# How to DIY Divide/Split fish tank?



## xavinovic (May 30, 2012)

I'm trying to Divide/Split a fish tank. I have a few ideas.

I went to home depo and they have some plexiglass that I could use it to split the tank in half but I want to make a hole in the middle so water flows to both sides and cover it with really fine SS mesh that I already have. 

The question is how would I glue or keep the SS mesh cover the hole?

Should I buy 2 plexiglass make the hole in both and glue them together?

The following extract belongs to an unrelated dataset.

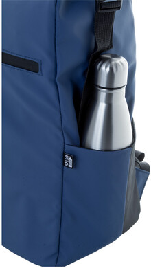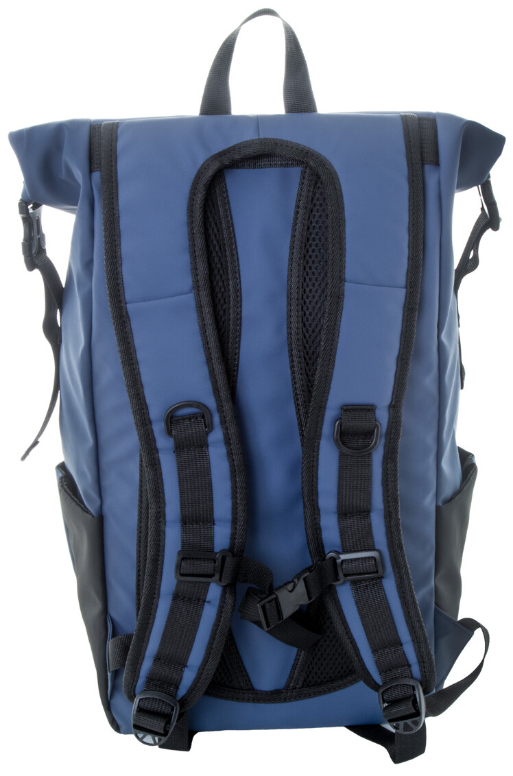Vodotěsný rolovací batoh z RPET se zapínáním na přezku a suchý zip, polstrovaná přihrádka na notebook (16") a tablet (10"), přední kapsa na zip, boční kapsy, polstrovaná záda a ramenní popruhy. Polyester 600D RPET potažený PU, s výrazným štítkem RPET.
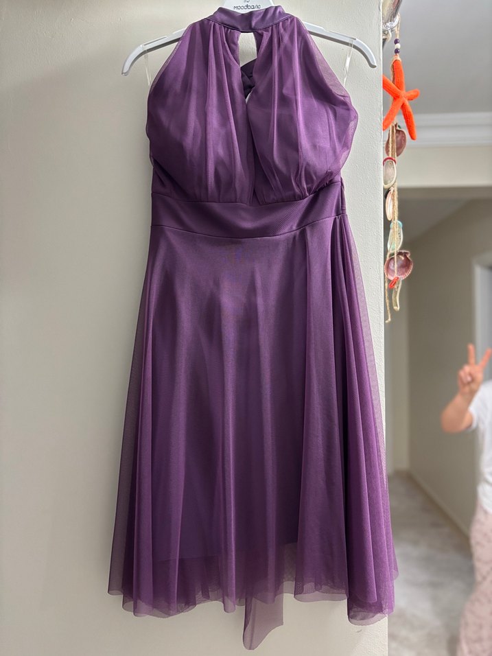 Mor, drapeli, straplez ve ince askılı, midi uzunlukta, parlak görünümlü abiye elbise.

What can I glue them with so it looks right. 

Has any one done this? 

I'm trying to keep BKK and Red Rubys separate. 

Thanks for any feed back.


----------



## Raaan (Dec 11, 2012)

I would use a piece of filter sponge instead. Get one precut into a cylinder or cut a circular piece about 1/2" thick and with a larger diameter than the hole you're filling, then cut a groove along the outer edge so that you can wedge it into the hole.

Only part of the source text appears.